[StBernard] Nurses Ask: Does New Orleans Suffer From PTSD?

Westley Annis westley at da-parish.com
Thu May 3 23:00:31 EDT 2007


Nurses Ask: Does New Orleans Suffer From PTSD?

NEW ORLEANS, May 3 /PRNewswire/ -- Citing the development of a number of
worrying and long-term trends among the patient and caregiver population of
post-Katrina New Orleans, registered nurses from a wide variety of clinical
settings will report on the severe challenges they face delivering care in
their communities. The RNs will be sounding this public health alert as part
of a day-long seminar sponsored by the Registered Nurse Response Network,
(RNRN), a national organization with 4,000 members which was born in the
aftermath of the Gulf region devastation.

The
six registered nurses on the panel (participants' bios at end of release),
and many colleagues at the seminar, lived disaster nursing on the front
lines during the acute phases of the hurricane, and have continued to serve
the patient populations in New Orleans. They report ongoing mental health
stresses among all levels of the population, severe fatigue setting in among
caregivers, a healthcare system that continues to be ignored by politicians
in Baton Rouge and Washington -- all resulting in a city that is
demonstrating widespread mental and emotional disorders similar to PTSD and
a variety of complicating physical issues.

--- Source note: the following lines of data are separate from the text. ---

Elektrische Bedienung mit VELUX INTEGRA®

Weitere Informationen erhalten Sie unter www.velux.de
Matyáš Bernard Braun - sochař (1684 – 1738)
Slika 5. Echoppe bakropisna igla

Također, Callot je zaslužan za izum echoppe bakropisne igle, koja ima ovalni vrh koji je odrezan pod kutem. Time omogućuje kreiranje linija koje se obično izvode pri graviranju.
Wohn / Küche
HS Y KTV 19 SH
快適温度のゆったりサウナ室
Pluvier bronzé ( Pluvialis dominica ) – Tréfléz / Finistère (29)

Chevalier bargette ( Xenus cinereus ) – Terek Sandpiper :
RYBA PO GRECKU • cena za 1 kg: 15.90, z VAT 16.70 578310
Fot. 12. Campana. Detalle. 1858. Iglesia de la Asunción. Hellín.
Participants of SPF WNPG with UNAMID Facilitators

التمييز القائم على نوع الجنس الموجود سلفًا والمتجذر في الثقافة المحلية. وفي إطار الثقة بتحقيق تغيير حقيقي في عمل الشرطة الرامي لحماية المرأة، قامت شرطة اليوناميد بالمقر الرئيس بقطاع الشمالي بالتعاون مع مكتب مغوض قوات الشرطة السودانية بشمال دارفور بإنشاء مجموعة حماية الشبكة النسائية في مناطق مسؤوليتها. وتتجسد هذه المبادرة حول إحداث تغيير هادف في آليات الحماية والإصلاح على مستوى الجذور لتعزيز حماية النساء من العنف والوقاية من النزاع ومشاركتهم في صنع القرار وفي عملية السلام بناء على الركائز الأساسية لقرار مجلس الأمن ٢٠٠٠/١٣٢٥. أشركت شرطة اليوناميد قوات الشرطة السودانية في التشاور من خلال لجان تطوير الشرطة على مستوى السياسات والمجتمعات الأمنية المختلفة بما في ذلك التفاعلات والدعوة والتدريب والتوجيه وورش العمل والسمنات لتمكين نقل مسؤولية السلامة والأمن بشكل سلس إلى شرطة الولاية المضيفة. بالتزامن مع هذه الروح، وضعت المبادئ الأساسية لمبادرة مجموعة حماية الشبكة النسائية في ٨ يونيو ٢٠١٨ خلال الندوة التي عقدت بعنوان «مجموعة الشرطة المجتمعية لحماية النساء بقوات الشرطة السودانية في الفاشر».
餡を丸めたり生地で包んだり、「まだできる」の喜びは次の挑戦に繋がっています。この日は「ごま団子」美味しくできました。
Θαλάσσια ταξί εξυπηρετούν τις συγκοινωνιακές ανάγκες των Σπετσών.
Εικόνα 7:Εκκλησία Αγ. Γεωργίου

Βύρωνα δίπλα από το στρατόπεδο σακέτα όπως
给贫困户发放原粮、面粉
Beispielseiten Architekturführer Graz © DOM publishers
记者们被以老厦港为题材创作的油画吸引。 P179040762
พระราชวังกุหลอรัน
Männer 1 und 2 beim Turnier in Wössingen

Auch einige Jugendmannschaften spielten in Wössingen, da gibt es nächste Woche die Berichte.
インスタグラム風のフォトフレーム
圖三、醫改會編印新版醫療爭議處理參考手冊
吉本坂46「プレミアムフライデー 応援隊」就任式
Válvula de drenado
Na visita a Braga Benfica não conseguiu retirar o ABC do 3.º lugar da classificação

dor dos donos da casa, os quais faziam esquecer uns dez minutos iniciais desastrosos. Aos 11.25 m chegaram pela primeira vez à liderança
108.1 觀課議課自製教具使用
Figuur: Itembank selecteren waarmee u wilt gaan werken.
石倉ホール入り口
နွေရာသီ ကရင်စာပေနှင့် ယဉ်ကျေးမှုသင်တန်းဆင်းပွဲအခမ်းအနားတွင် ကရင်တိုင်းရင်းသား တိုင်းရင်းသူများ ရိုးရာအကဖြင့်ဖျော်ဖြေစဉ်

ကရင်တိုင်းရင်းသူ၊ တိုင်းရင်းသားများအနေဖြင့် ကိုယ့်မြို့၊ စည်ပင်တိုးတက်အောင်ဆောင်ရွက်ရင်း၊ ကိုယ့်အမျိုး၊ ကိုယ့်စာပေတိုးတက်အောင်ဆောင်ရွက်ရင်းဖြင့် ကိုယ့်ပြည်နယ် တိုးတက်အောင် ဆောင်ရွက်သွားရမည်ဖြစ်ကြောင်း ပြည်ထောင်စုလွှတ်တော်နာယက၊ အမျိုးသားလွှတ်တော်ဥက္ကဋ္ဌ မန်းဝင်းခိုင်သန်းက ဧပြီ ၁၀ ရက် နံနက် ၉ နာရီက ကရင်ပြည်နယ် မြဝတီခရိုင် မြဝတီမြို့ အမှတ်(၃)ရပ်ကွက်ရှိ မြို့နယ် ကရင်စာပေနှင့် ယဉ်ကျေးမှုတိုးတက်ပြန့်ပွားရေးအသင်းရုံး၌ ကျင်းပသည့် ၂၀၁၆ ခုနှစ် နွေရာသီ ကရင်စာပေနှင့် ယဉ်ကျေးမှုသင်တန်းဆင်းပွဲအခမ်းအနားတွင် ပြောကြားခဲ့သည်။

In short: New Orleans is getting sicker, fast.

With the city down 1,000 beds, 6,000 caregivers, and seven hospitals, people
not seeking care until they are acutely ill, and the rate of uninsured
already at a nation-wide high and continuing to skyrocket, these nurses find
themselves delivering care to a sicker population in a variety of new
settings with fewer resources.

WHAT: The Post-Katrina Healthcare Challenge: The Voices of Local Katrina
Nurse Veterans WHERE: Courtyard-New Orleans Downtown WHEN: Monday, May 7
2:30 p.m.-4:00 p.m. Media Availability

"This experience has given me great insight, incurred at great cost," said
Celeste Lewis, an RN who works at River Oaks Psychiatric Hospital,
volunteers at St. Anna's Parish clinic, and helped to evacuate 72 unstable
psychiatric patients to Memphis. We face a tremendous challenge now with a
greater need for inpatient and outpatient mental health services, an
increase in the number of people suffering depression as a result of their
loss, the devastation that surrounds them, and a deficit of 300 psychiatric
hospital beds. The nurses and doctors who worked through the storm and have
continued on with no counseling or support systems are on a delayed
response. A nurse recruiter told me that nurses in hospitals were breaking
down in tears during last summer's hurricane season.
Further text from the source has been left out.